En réalité, je venais de l’acheter. Il me restait un peu d’argent pour m’en payer un autre, mais ça empièterait sur mon budget hôtel et précipiter mon retour chez mon père. Bordel, je la détestais de m’avoir fait ce coup-là.

— Nan, je n’ai pas fait attention, c’est ma faute. Il faut que je répare cette erreur, insista-t-elle.

J’abdiquai. Elle avait l’air de s’en vouloir plus que moi. Elle n’osait même plus me regarder et fixait ses chaussures des yeux. Elle bascula vers l’arrière à la secousse suivante. Je la retins. Elle m’adressa un sourire reconnaissant.
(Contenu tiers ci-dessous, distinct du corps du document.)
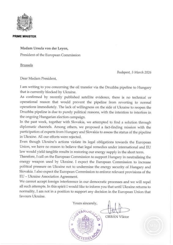 "Ezért felszólítom az Európai Bizottságot, hogy támogassa Magyarországot az ukrán energiafegyver hatástalanításában. Elvárom az Európai Bizottságtól, hogy fokozza a politikai nyomást Ukrajnára annak érdekében, hogy ne ássa alá Magyarország és Szlovákia energiabiztonságát. Elvárom az Európai Bizottságtól azt is, hogy szerezzen érvényt az EU-Ukrajna Társulási Megállapodásban foglaltaknak"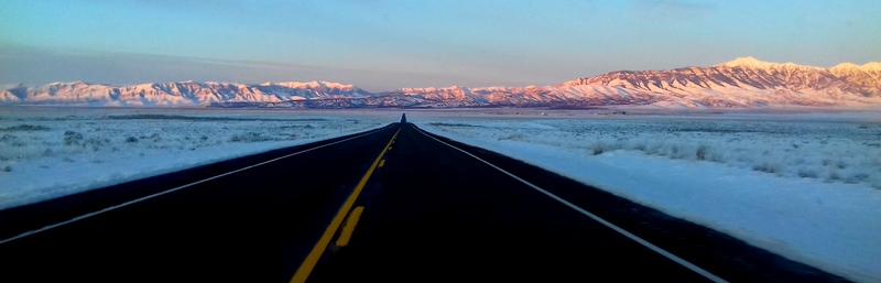 I hit the reckless A2 – Clark County Road. Bold adventure, to not call it stupid! Step by step, the road is more and more snowed… Although I swore to myself I wouldn’t be reckless, I swore I would turn back if it started to be too dangerous. But fresh tires prints fool me and it becomes my rule: as long as cars have driven this road I am good. Then, even if fog is getting thicker, even if the night is knocking at my window, I can go on. I drive through actual ghost towns: ranches stand along the road, but it must be summer pastures because everything is absolutely desert. I thus feel awkward several times. Thankfully, fog clears up and I become a philosopher. You can sometimes feel lost, you are in the fog, you don’t know where you are going, your loved ones worry and you might as well; but it clears up and shows you the way, even for a fleeting moment, and gives you hope to keep going even if you are uncertain. And then, despite this white blindness, this light gives you more than hope, it gives you faith no matter what. You know you are going the right way.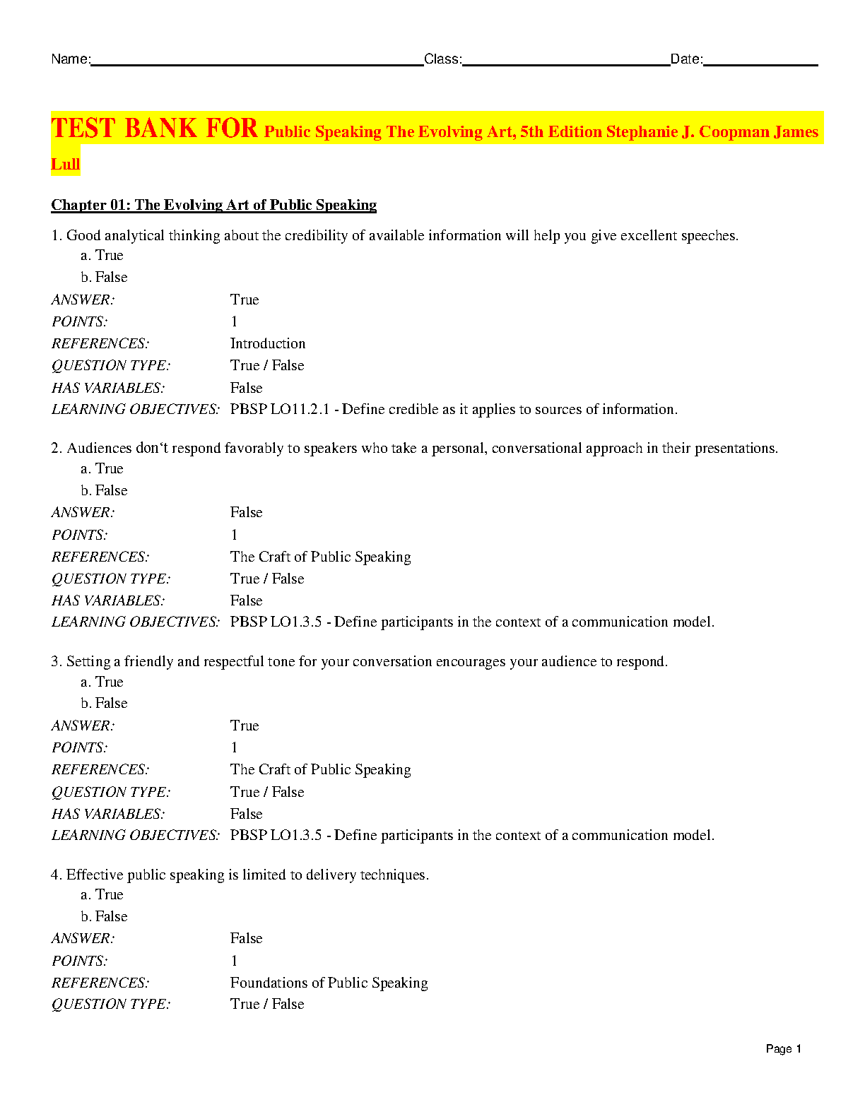 This test bank contains a comprehensive collection of True/False questions for Public Speaking: The Evolving Art, 5th Edition by Stephanie J. Coopman and James Lull. Ideal for instructors to assess student understanding of key concepts and prepare for exams. This resource is designed to help students master the material and achieve exam success on their first attempt.

— Je descends là, m’informa-t-elle, en arrivant à Laumière. À demain. Et encore désolée… je t’assure. Je trouverai un moyen de me faire pardonner, je te jure.

— C’est pas la peine, concluai-je alors qu’elle sortait.

Je n’étais pas sûr qu’elle m’ait entendu. Céleste avait l’air décidé à réparer son erreur. Je ne voyais pas comment. Personne n’achetait un portable à quelqu’un qu’il connaissait à peine.